Smotrich recorded describing ‘mega-dramatic’ plan for civilian control over West Bank
NYT report on recording says far-right minister told settlers that he’s acting in way so world ‘won’t say that we are doing annexation here,’ asserts Netanyahu is ‘with us full on’
Finance Minister Bezalel Smotrich was recently recorded telling settler supporters that the government is engaged in a clandestine effort to change the way Israel governs the West Bank, according to a report Friday that cited a recording of the far-right Religious Zionist party leader.
The New York Times said the recording was from an event held earlier in the month at which Smotrich, who is also a minister in the Defense Ministry, told supporters that the goal was to prevent the West Bank from becoming part of a Palestinian state.
“I’m telling you, it’s mega-dramatic,” Smotrich was quoted as saying. “Such changes change a system’s DNA.”
A spokesman for Smotrich confirmed the authenticity of the recording, which the newspaper said was provided by a researcher from the Peace Now anti-settlement group who attended the June 9 event.
Parts of the West Bank are under the rule of the Palestinian Authority, while the Israeli military has authority over the rest. Smotrich, a vocal opponent of Palestinian statehood, has long pushed for Israel to annex those areas.

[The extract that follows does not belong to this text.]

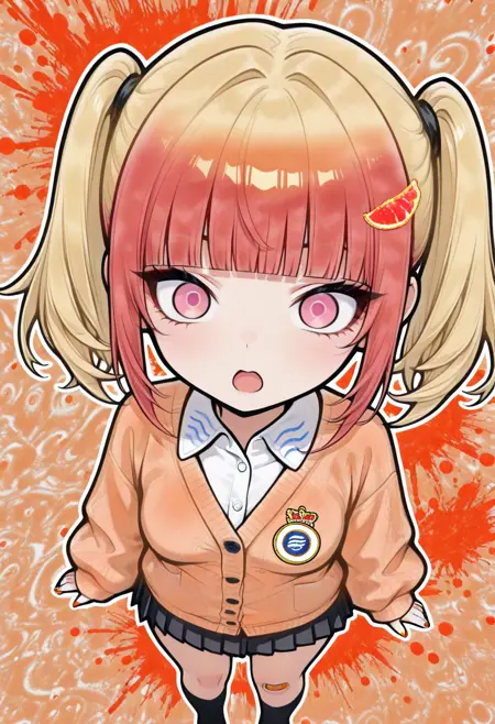 medium hair, twintails, blunt bangs, multicolored hair, gradient hair, red hair, yellow hair, hair ornament, pink eyes,

“My goal — and I think of everyone here — is to first and foremost prevent the establishment of a terror state in the very heart of the Land of Israel,” he said.
In the recording, Smotrich described at length how he planned to transfer authority from the military to civilians under his authority in the Defense Ministry, where he was handed broad power as demanded in his Religious Zionism party’s coalition deal with Prime Minister Benjamin Netanyahu’s Likud.
“We created a separate civilian system,” Smotrich said, adding that to deflect international scrutiny, the government has allowed the Defense Ministry to remain involved in the process, according to the Times.
“It will be easier to swallow in the international and legal context,” he continued. “So that they won’t say that we are doing annexation here.”
Smotrich also reportedly said that Netanyahu is “with us full on,” which the premier’s office appeared to push back on.
“The final status of these territories will be determined by the parties in direct negotiations,” Netanyahu’s office said in a statement responding to his coalition partner’s remarks. “This policy has not changed.”
Friday’s report on the recording came after the newspaper last month revealed an internal document in which the outgoing head of the Israel Defense Forces’s Central Command, Maj. Gen. Yehuda Fox, accused Smotrich of completely undermining Israeli law enforcement efforts to clamp down on illegal Israeli construction in the West Bank.
Enforcement on illegal construction has dwindled “to the point where it has disappeared,” Fox wrote, highlighting the role of Smotrich. He also said Smotrich and his allies were blocking measures the government had promised Israeli courts it would implement, to crack down on illegal construction in the West Bank.
Israel has settled the West Bank extensively since 1967 when it captured the area from Jordan during the Six Day War, viewing it as the biblical Judea and Samaria and critical to Israel’s security. Netanyahu has promoted settlement growth, leading to friction with the United States.
The settlements take up West Bank land where Palestinians have long aimed to establish an independent state that would also include the Gaza Strip and have East Jerusalem as its capital.
In April, Smotrich called on Netanyahu to annex the West Bank if the Palestinian Authority continues with its efforts for international recognition of a state and for what he said was its bid to obtain international arrest warrants against Israelis over the war in Gaza against Hamas.